**Your task:** Each line below must be transcribed exactly, and no picture may appear in the transcription.

**Supplied material:**
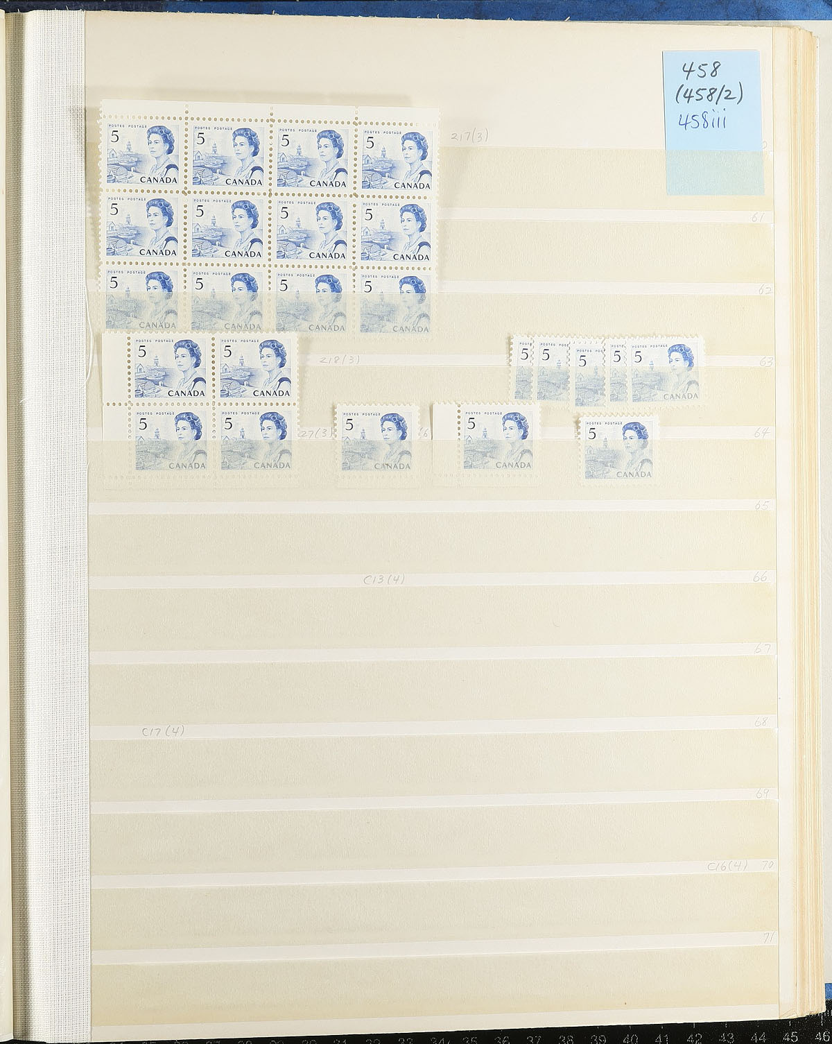 Late 1960's-early 1970's stock of paper variants (including "Hibrite", "dull") including tagging and precancels (unconfirmed by us, but the source does not give us worry). Sorted by Unitrade numbers, and quantities to over 200 per issue. All appear to be mint never hinged. Lots of catalogue value here. Housed in an older Lighthouse springback stock book with 15 pages/30 sides. Estimate =
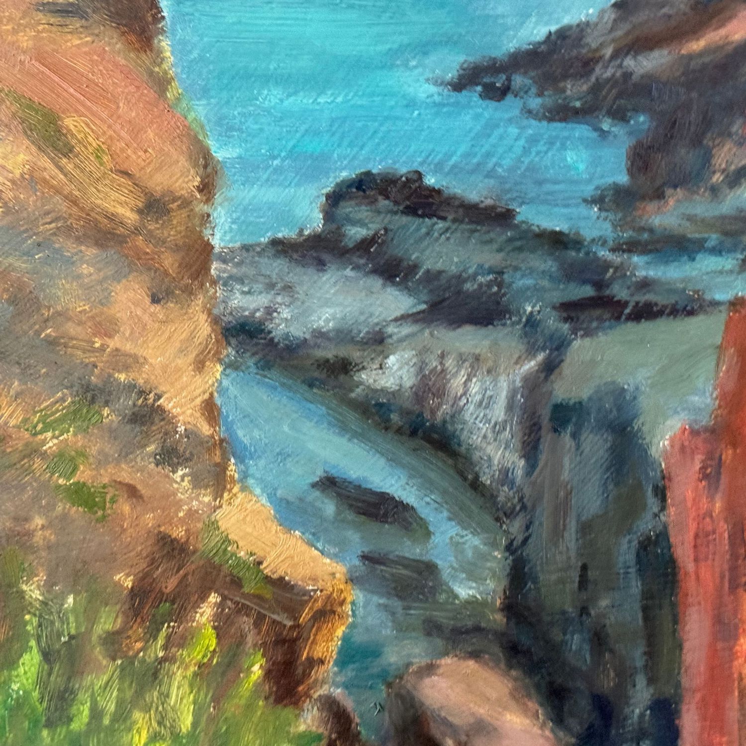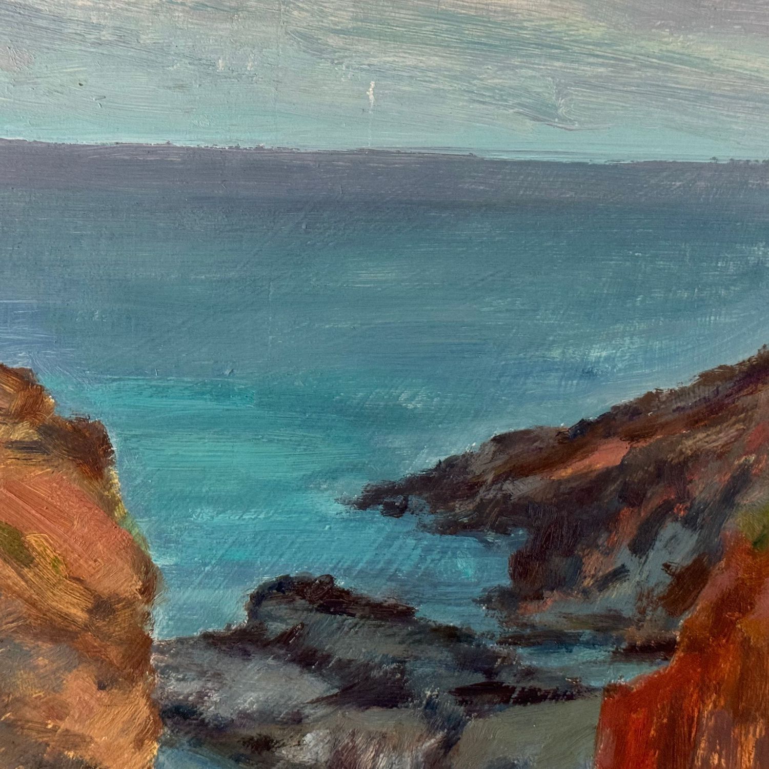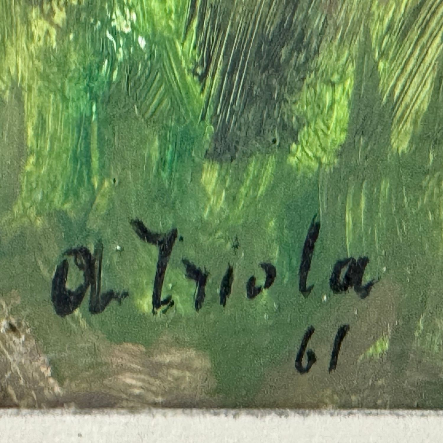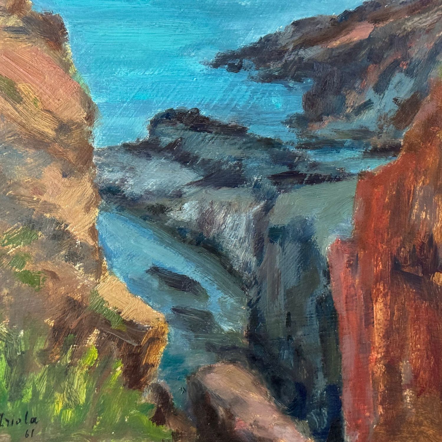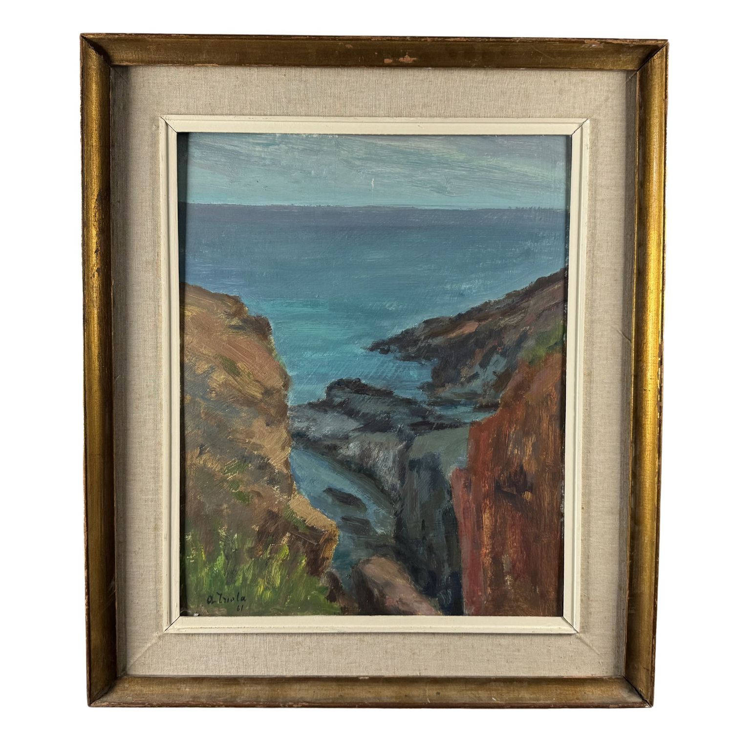 Dipinto olio su pannello, periodo XX secolo scuola Italiana, raffigurante Scogliera. Dimensioni interno cornice: 40x50 cm. Dimensioni compreso cornice: 57x66 cm. Reca firma in basso a sinistra A. Triola 1961. Opera in buone condizioni.
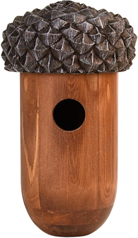 This charming nesting box is particularly suitable for wrens and festures a pretty acorn design. It is an ideal way to support the population of this bird in your area. In winter, this beautiful home is also often used as a shelter.

**Final answer:**
 Late 1960's-early 1970's stock of paper variants (including "Hibrite", "dull") including tagging and precancels (unconfirmed by us, but the source does not give us worry). Sorted by Unitrade numbers, and quantities to over 200 per issue. All appear to be mint never hinged. Lots of catalogue value here. Housed in an older Lighthouse springback stock book with 15 pages/30 sides. Estimate =
 Dipinto olio su pannello, periodo XX secolo scuola Italiana, raffigurante Scogliera. Dimensioni interno cornice: 40x50 cm. Dimensioni compreso cornice: 57x66 cm. Reca firma in basso a sinistra A. Triola 1961. Opera in buone condizioni.
 This charming nesting box is particularly suitable for wrens and festures a pretty acorn design. It is an ideal way to support the population of this bird in your area. In winter, this beautiful home is also often used as a shelter.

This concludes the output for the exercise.